P063002a

De Wiki de FrayNelson
Saltar a: navegación, buscar

Fecha: 20030528

Título: El Espiritu Santo nos lleva a alabar, glorificar y a sentirnos fascinados por Jesus

Original en audio: 18 min. 17 seg.


Hermanos:

Ya sabemos que se va acercando la Fiesta grande de Pentecostés, y las lecturas de estas dos semanas, esta en que estamos y la siguiente, nos ayudan para prepararnos a la Fiesta de Pentecostés. Pentecostés es la efusión del Espíritu Santo. Pero ¿quién es el Espíritu Santo?

Nosotros podemos conocer a Jesús mirándolo. La gente que vivió con Jesús podía mirarlo, saludarlo, oírlo. Estaban delante de Jesús y así lo conocían. Al Espíritu Santo no le tenemos nunca delante de nosotros, como tener ahí un espíritu y mirarlo y conocerlo. ¿Cómo se puede conocer al Espíritu Santo?

Se le puede conocer por las obras que realiza. El Espíritu es como la vida. Los que estamos aquí, estamos vivos. Pero si le pido a uno de ustedes: “-Quiero ver, a ver, señor, quiero ver su vida”. Pues el señor, el caballero al que le hablo no puede sacar la vida que tiene mostrármela y decirme: “-Mire, esta es mi vida”.

La vida es algo que está adentro, es algo que sucede y la conocemos porque sucede, la conocemos porque acontece, por sus obras las conocemos. El Espíritu Santo es vida, es la vida de Dios en nosotros. Y por eso, para conocer al Espíritu, necesitamos conocer las obras del Espíritu. Para eso son, entre otras cosas, las lecturas de estos días, para que nosotros vayamos conociendo la obra y las obras del Espíritu Santo, y nos enamoremos de esas obras.

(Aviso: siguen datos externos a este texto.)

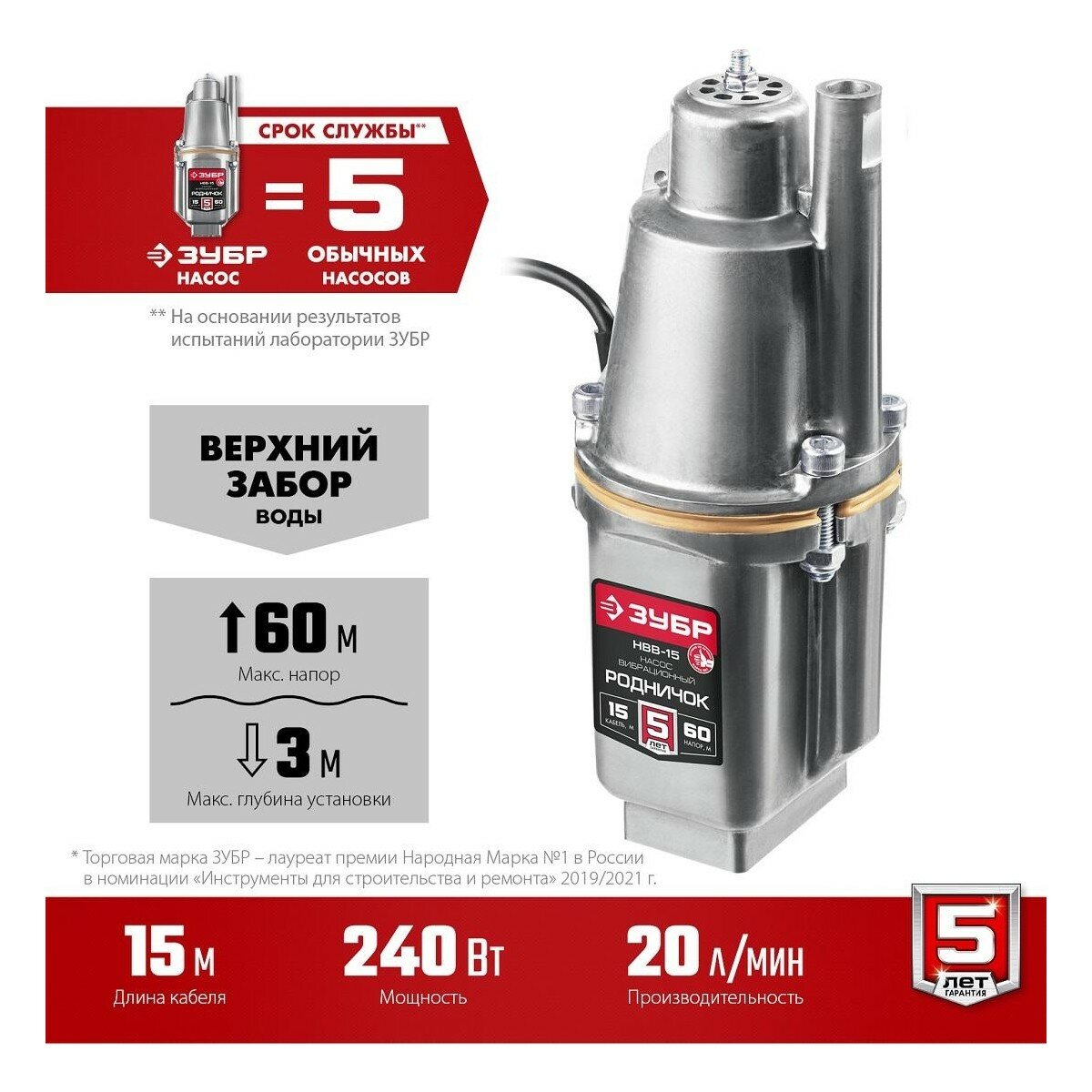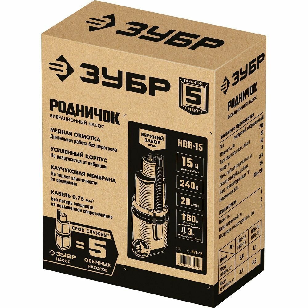 Насос вибрационный "Родничок-В", Зубр серия "мастер", НВВ-15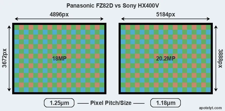 While the two cameras under review share the same sensor size, the HX400V offers a higher resolution of 20.2 megapixels, compared with 18 MP of the FZ82D. This megapixels advantage translates into a 6 percent gain in linear resolution. On the other hand, these sensor specs imply that the HX400V has a higher pixel density and a smaller size of the individual pixel (with a pixel pitch of 1.18μm versus 1.25μm for the FZ82D). Moreover, it should be noted, that the FZ82D is much more recent (by 10 years and 4 months) than the HX400V, and its sensor will have benefitted from technological advances during this time that further enhance the light gathering capacity of individual pixels. Coming back to sensor resolution, it should be mentioned that neither of the two cameras has an anti-alias filter installed, so they are able to capture all the detail the sensor resolves.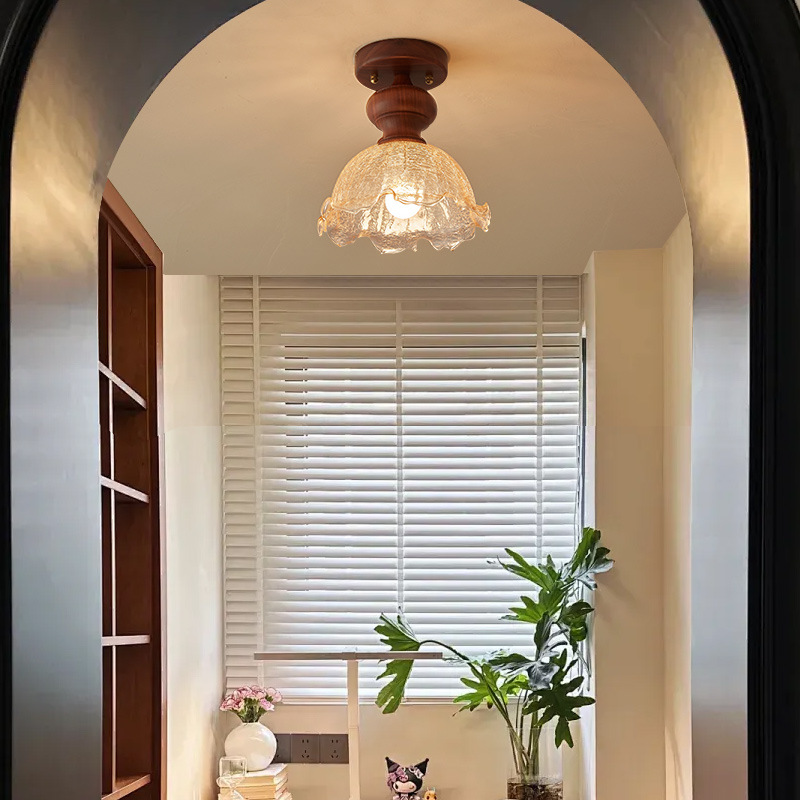 中世スタイルの玄関クローゼットシーリングランプフレンチレトロランプウォールナットハイエンドアイスクラック廊下通路ランプ

El Espíritu trae a nosotros una riqueza incalculable, pero nosotros no tenemos que pagar para lograr esa riqueza. Además, ningún dinero del mundo seria suficiente para conseguirla. El precio ya lo pagó Jesús. Así como vamos a recibir una riqueza infinita con el Espíritu, así sabemos que el precio infinito ya lo pago Jesús. ¿Cómo? Con su oración por nosotros, con su sufrimiento en amor por nosotros, con la ofrenda de su Cuerpo y su Sangre y de su propia vida por nosotros.

De modo que el Espíritu es el don más grande, pero es un regalo, para nosotros es regalo, no porque no valga, sino porque su valor, que es infinito, fue pagado con la Sangre de Jesús. Es un regalo. Pero uno no puede valorar un regalo si no le cuentan cómo es, si no lo puede descubrir, y por eso el mismo Cristo con sus palabras, y con su vida entera, nos enseñó a valorar este regalo.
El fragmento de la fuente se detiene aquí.